The code in this section requires the use of matlab in order to create the Haar-wavelet decomposition. The algorithm breaks an image into its wavelet decomposition. Then it constructs mappings between different levels of the wavelet decomposition by creating mappings between the child and parent levels (child is the smaller image block).

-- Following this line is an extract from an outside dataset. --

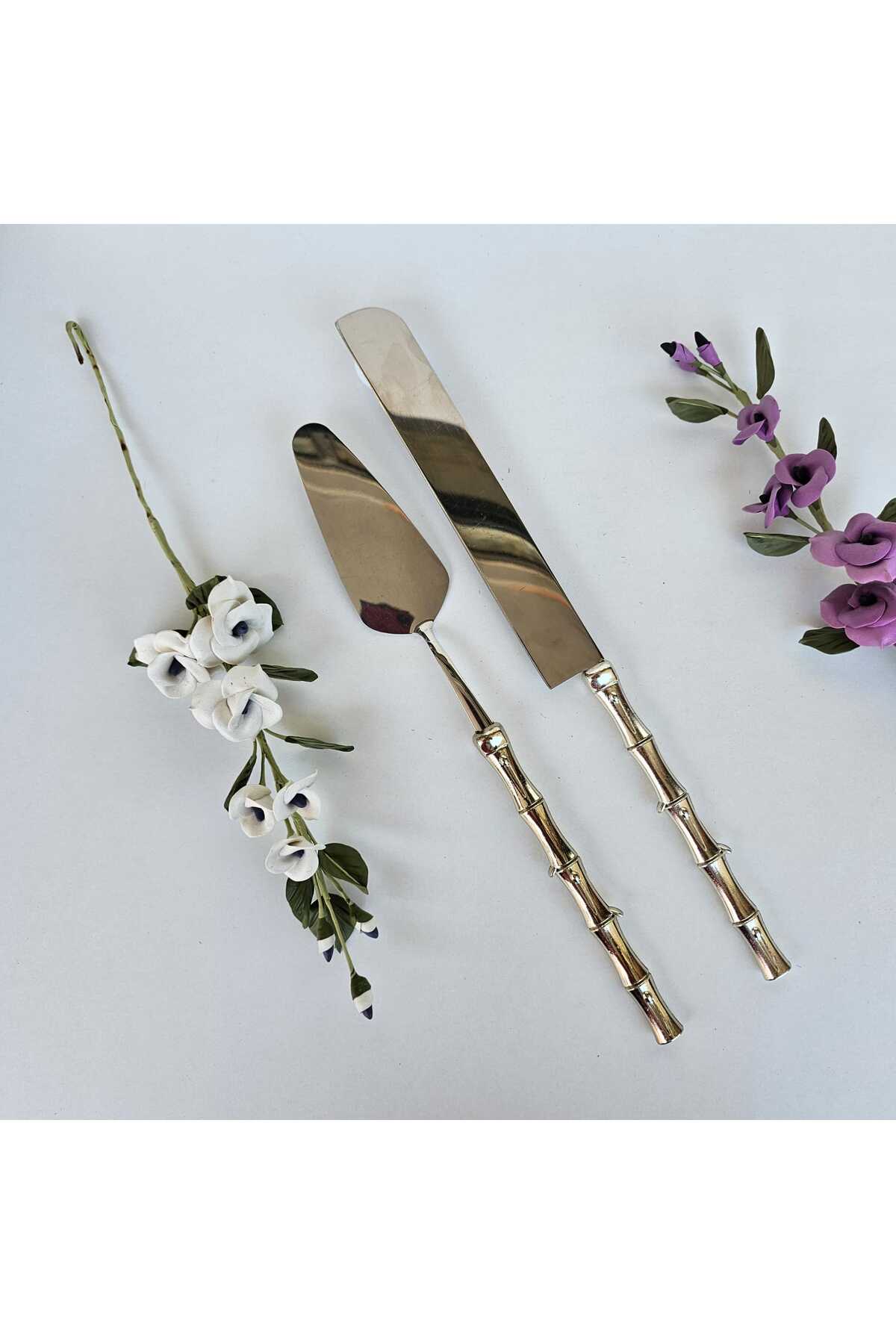 MaviDamla طقم تقديم الكيك من قطعتين باللون الفضي من الخيزران

A 2 level wavelet decomposition may look something like this: image

image

Mappings between blocks within a child level and blocks within a parent level are constructed in a similar way to what was done in the fractalMapping section. However, this time we only compute the scaling factor (instead of simple linear regression, we find the line of best fit that crosses the origin). The blocks in the smaller child level get expanded to match the block size in the parent level (in our diagram child level has 1 by 1 block size and parent has 2 by 2 block size). When reconstructing the parent blocks only given the smallest child blocks (top left), we recreate the parent sub blocks by iterating a single time by multiplying child blocks by scaling factor and mapping those onto parent blocks (unlike in fractal mapping where the decompression requires about 20 iterations).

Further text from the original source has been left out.